··· Information provided

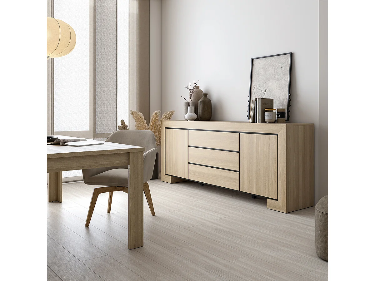 Buffet 2 portes 3 tiroirs Eden Bois et Metal
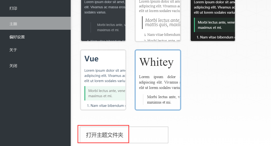 然后打开typora设置,依次点击 主题->打开主题文件夹,
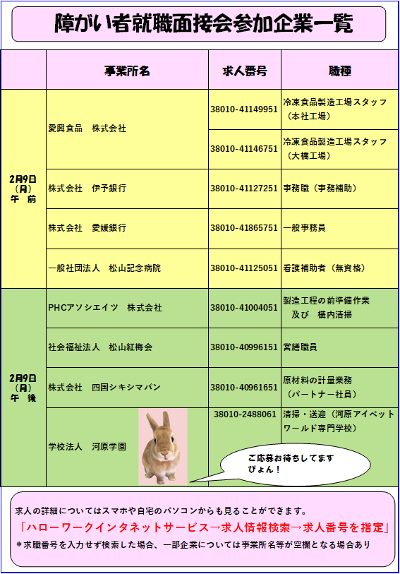 ハローワーク松山 令和7年度第2回障害者就職面接会の開催について

······

The listing above should be transcribed word for word, with its pictures left out.

 Buffet 2 portes 3 tiroirs Eden Bois et Metal
 然后打开typora设置,依次点击 主题->打开主题文件夹,
 ハローワーク松山 令和7年度第2回障害者就職面接会の開催について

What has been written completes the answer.